From the first line of the material through the line that holds "圖為集團(tuán)副董事長", repeat each line exactly and skip any picture.

Supplied material START

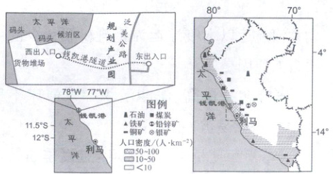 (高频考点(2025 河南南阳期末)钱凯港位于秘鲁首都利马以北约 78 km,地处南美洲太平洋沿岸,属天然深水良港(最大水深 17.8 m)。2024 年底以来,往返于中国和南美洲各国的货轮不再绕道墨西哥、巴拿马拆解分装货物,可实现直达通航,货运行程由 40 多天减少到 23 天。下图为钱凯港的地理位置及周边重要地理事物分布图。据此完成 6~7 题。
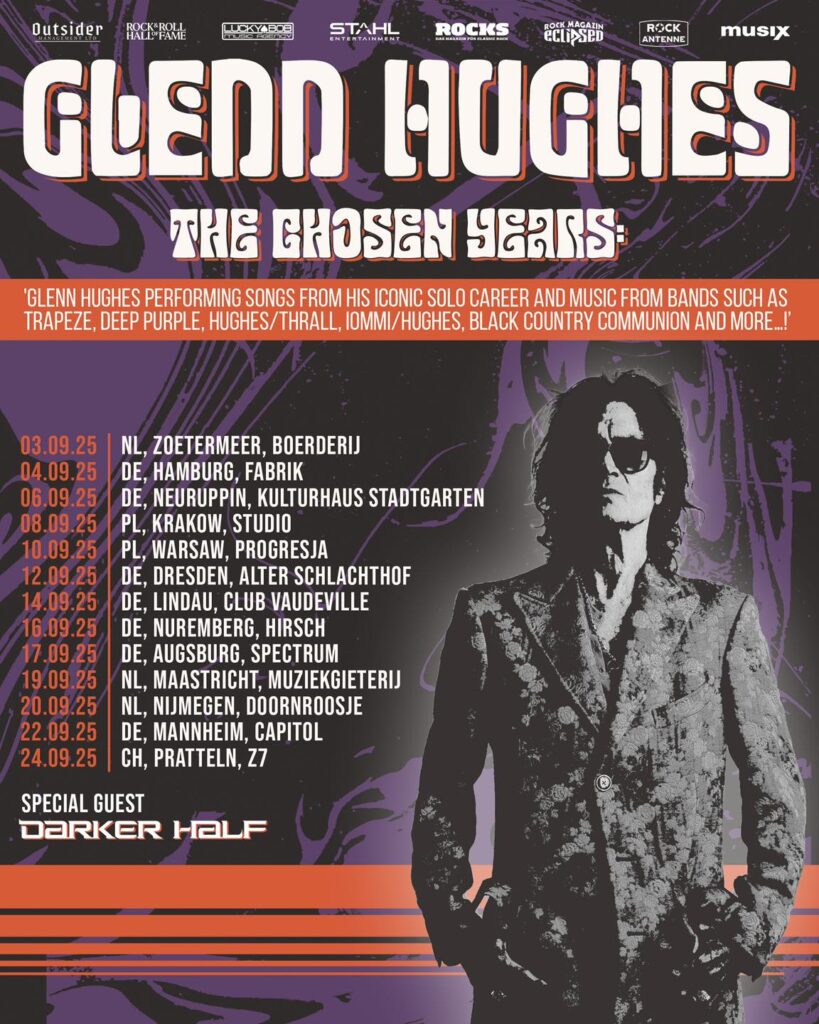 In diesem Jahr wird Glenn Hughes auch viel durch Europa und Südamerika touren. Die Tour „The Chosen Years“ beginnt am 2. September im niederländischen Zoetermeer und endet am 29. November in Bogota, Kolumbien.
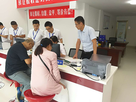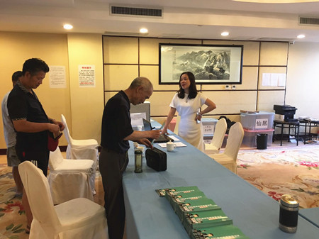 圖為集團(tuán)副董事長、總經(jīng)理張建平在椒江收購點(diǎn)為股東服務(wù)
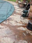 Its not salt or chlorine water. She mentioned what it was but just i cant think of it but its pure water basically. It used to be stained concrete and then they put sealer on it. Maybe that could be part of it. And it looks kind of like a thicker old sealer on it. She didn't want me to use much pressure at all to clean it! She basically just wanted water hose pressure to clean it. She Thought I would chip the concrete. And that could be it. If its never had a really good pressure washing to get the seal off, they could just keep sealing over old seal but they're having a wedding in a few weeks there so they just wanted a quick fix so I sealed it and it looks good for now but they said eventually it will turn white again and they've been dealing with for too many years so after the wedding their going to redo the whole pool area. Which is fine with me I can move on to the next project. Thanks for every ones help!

Supplied material END

> **Task output**
 (高频考点(2025 河南南阳期末)钱凯港位于秘鲁首都利马以北约 78 km,地处南美洲太平洋沿岸,属天然深水良港(最大水深 17.8 m)。2024 年底以来,往返于中国和南美洲各国的货轮不再绕道墨西哥、巴拿马拆解分装货物,可实现直达通航,货运行程由 40 多天减少到 23 天。下图为钱凯港的地理位置及周边重要地理事物分布图。据此完成 6~7 题。
 In diesem Jahr wird Glenn Hughes auch viel durch Europa und Südamerika touren. Die Tour „The Chosen Years“ beginnt am 2. September im niederländischen Zoetermeer und endet am 29. November in Bogota, Kolumbien.
 圖為集團(tuán)副董事長、總經(jīng)理張建平在椒江收購點(diǎn)為股東服務(wù)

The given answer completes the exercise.